───── Available records ─────

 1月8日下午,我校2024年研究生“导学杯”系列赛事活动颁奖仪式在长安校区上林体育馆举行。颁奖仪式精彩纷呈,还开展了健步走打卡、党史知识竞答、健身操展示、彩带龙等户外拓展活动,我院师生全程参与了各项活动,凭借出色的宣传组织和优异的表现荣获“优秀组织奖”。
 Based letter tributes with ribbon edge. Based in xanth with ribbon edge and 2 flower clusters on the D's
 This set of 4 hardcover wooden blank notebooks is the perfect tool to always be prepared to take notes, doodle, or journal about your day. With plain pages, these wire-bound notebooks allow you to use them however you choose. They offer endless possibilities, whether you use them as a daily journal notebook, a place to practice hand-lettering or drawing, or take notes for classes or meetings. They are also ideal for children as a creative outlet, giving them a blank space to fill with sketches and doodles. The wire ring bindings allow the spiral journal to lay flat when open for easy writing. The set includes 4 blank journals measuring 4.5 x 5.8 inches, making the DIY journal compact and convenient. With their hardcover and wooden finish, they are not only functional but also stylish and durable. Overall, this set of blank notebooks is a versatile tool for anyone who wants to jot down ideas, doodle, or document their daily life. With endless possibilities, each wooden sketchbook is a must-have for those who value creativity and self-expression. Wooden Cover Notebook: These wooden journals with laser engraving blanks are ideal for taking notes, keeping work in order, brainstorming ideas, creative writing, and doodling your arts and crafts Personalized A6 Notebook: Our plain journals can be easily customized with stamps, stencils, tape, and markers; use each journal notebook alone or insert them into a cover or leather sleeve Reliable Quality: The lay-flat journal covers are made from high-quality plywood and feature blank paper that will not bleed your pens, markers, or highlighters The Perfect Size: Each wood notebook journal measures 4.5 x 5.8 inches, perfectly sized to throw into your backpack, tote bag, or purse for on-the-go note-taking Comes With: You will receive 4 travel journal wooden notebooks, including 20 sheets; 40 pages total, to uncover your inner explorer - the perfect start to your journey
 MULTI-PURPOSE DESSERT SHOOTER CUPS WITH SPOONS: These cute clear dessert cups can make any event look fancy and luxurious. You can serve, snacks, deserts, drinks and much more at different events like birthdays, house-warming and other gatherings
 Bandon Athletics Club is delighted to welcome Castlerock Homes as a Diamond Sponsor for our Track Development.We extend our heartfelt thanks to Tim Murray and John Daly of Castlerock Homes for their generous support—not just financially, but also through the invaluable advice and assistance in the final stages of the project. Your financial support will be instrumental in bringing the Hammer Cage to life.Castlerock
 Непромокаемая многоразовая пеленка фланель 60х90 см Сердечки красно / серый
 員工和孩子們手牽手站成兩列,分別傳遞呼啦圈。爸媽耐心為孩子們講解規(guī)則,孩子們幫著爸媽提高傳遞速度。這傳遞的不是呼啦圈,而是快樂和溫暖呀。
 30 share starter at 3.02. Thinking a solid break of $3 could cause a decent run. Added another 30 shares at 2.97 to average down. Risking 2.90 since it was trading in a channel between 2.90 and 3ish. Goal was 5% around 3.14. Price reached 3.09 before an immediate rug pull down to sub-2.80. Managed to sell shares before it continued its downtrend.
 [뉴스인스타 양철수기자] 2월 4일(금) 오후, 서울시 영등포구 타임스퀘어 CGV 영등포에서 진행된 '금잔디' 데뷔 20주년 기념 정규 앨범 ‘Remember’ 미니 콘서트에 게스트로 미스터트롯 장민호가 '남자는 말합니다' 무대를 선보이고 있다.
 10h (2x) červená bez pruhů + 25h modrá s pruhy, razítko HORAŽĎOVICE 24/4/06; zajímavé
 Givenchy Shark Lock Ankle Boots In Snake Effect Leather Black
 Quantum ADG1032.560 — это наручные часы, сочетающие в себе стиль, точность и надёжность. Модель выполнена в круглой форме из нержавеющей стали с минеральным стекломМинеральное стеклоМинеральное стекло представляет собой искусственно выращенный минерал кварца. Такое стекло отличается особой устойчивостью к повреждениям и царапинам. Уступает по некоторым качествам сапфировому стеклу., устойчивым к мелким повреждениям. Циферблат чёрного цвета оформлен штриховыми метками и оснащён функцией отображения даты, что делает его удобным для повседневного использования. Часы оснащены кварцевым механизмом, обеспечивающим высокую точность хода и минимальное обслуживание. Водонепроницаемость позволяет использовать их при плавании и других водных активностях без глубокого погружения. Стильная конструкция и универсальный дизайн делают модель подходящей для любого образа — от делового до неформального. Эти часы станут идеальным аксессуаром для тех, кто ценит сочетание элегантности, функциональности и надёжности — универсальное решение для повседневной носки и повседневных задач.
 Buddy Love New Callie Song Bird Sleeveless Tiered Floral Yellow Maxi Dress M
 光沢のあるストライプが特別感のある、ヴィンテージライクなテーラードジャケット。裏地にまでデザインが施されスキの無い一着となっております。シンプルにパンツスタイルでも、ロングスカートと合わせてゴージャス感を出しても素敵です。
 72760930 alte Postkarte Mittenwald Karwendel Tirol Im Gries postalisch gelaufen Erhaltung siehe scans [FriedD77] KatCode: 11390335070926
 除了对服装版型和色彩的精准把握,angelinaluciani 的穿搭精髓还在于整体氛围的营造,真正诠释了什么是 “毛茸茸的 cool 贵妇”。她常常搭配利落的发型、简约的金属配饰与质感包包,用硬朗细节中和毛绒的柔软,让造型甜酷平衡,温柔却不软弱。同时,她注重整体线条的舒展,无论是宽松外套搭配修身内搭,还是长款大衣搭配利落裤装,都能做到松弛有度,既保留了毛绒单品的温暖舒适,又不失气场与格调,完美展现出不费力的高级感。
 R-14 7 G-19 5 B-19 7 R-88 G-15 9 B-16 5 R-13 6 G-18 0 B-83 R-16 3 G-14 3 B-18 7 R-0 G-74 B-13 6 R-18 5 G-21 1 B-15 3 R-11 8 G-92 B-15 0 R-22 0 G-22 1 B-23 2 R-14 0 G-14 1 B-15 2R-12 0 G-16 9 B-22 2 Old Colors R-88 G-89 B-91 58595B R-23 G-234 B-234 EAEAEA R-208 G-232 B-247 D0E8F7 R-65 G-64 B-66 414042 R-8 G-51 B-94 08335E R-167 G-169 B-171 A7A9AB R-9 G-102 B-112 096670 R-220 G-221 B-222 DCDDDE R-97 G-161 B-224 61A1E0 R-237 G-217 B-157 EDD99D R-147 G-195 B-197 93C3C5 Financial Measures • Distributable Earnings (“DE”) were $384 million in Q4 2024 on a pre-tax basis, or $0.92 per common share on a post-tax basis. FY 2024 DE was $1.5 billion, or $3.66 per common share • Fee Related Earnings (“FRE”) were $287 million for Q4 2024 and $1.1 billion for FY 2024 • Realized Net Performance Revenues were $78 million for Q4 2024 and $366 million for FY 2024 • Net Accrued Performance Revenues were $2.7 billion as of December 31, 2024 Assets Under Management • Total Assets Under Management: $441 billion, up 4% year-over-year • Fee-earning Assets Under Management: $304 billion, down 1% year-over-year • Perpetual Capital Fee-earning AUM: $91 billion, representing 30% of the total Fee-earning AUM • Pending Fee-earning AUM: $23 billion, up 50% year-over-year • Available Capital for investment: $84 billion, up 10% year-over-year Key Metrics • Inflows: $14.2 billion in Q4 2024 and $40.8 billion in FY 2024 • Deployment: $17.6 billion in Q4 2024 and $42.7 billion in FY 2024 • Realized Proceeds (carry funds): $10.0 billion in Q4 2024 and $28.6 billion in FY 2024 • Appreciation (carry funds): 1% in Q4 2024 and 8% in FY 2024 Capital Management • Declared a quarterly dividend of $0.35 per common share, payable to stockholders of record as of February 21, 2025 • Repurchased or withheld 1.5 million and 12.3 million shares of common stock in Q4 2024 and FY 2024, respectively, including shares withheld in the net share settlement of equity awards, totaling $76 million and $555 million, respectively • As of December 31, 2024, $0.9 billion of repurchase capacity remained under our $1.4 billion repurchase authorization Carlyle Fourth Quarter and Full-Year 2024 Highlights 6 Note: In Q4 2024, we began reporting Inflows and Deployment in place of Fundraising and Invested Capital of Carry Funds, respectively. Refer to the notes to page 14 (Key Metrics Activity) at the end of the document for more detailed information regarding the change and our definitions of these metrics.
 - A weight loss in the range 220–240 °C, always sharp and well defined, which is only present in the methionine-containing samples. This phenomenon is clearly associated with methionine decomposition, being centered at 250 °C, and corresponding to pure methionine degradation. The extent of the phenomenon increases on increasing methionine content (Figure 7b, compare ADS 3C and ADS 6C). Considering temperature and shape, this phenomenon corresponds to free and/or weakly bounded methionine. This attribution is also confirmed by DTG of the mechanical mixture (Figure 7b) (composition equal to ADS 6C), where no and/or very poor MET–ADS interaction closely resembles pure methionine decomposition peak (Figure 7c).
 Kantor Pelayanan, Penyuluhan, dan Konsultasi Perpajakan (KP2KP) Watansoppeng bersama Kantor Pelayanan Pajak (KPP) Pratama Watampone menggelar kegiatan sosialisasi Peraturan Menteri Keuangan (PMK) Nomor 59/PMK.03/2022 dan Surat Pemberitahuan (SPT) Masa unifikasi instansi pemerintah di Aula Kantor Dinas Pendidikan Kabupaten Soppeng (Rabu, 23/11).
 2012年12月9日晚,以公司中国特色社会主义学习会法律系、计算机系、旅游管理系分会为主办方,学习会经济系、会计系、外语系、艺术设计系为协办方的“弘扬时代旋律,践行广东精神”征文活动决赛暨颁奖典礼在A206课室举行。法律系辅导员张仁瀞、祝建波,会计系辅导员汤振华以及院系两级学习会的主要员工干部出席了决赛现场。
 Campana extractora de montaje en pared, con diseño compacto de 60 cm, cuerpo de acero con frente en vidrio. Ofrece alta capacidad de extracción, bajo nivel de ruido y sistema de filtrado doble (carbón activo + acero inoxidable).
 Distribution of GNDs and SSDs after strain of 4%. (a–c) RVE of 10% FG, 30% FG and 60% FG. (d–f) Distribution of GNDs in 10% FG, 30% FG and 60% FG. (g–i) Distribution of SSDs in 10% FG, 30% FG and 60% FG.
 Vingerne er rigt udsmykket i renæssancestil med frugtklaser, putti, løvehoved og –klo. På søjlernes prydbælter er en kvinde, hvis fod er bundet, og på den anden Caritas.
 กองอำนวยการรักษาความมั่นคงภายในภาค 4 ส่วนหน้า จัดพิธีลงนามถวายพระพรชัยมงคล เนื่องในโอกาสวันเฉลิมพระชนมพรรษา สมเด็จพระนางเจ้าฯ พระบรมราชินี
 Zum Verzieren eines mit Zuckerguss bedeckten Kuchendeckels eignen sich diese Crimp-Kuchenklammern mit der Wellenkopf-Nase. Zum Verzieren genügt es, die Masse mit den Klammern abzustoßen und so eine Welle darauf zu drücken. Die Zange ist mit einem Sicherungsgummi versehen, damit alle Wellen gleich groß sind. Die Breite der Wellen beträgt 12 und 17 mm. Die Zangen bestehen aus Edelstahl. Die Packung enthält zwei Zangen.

─────

Task objective:
With the first line of the records as the start and the line holding "Based letter tributes" as the end, please copy exactly those lines and no others.

Response area:
 1月8日下午,我校2024年研究生“导学杯”系列赛事活动颁奖仪式在长安校区上林体育馆举行。颁奖仪式精彩纷呈,还开展了健步走打卡、党史知识竞答、健身操展示、彩带龙等户外拓展活动,我院师生全程参与了各项活动,凭借出色的宣传组织和优异的表现荣获“优秀组织奖”。
 Based letter tributes with ribbon edge. Based in xanth with ribbon edge and 2 flower clusters on the D's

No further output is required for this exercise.